Use the R transformation step in your flow and configure it. (This guide will cover this in detail.)
Execute the step to view the output generated by the script using your data.
The result generated by the R transformation step will depend on the following options:
Append: Append is used if additional columns are to be added to existing data. This option is used if your R script is designed to return the original data, along with the appended columns.
Replace: Use this option if your script outputs specific columns, and doesn't necessarily returns the original data.
When writing an R script, you need to ensure that it works in Yellowfin. The following guidelines will help you to do that.

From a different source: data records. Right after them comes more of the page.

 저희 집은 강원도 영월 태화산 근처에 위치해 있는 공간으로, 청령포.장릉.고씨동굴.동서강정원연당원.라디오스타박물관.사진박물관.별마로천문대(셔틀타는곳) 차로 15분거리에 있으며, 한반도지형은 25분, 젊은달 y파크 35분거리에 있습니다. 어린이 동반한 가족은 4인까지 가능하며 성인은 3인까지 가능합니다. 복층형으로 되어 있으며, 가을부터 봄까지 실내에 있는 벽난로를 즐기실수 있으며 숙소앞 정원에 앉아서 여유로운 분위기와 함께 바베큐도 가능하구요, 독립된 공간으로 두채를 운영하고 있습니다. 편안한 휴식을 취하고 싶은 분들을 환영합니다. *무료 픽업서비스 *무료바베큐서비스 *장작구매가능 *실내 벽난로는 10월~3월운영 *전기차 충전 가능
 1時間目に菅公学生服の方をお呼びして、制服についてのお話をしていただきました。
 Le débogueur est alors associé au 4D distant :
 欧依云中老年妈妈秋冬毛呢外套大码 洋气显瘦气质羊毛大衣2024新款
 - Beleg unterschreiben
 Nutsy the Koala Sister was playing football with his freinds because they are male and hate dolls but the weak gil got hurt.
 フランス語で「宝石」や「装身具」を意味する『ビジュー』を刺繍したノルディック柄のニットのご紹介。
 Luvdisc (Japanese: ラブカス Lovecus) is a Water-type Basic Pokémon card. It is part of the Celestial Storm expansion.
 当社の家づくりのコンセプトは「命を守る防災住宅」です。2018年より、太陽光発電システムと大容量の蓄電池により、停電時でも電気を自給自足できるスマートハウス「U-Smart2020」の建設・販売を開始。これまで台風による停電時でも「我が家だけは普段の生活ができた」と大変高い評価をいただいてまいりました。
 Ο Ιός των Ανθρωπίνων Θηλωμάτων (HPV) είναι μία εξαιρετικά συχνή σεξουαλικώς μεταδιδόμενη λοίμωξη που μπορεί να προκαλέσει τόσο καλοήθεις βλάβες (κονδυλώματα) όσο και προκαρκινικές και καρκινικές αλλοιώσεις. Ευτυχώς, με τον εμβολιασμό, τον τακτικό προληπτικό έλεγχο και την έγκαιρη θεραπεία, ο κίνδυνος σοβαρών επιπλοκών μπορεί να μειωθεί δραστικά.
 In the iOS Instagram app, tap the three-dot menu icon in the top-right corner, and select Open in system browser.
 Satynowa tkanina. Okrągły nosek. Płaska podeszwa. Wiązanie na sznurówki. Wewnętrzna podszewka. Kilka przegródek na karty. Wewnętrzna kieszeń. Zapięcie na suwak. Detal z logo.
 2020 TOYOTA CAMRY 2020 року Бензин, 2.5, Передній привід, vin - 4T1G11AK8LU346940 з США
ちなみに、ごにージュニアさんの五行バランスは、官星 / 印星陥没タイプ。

Here is an example of a basic script that returns output by adding two columns to the input data. This illustrates how the append option can be utilized.
outData<-data.frame(c(yfData), yfData[1], yfData[3]) |
Here’s a breakdown of this script, and how this should be configured in Yellowfin.
yfData - yfData is the data frame that contains the input data, or data that is being passed from the previous step into the script. This is the name that we will provide as the input variable when configuring the step.
yfData[1] / yfData[3] - The script inputs the entire data frame and appends column 1 and 3 to it. This example shows how indexing is used to point out specific data columns.
outData - The name of the output variable. The combined result is stored in this variable.
Use these variable names when configuring this script in the R step (as shown in the example as well).
This script has been written to retrieve only 1 numeric column from the incoming data and perform a calculation on it. We will use the Replace option when configuring this script.
outData<-data.frame(yfData$Income*2.5) |
Following is an explanation of the script:
yfData - The incoming data is taken from the yfData data frame, which is the input variable.
Income - This is the name of the column field that is extracted from the input data. (Here we have directly referred to the column name using the $ symbol, instead of indicating it by its index number.) All the rows of this field will then be multiplied by 2.5.
outData - The output variable where the resulting calculation will be stored.
When configuring this script, provide yfData as the input name and outData as the output name in the R step configuration panel. Enter 1 as the value of the total number of fields returned.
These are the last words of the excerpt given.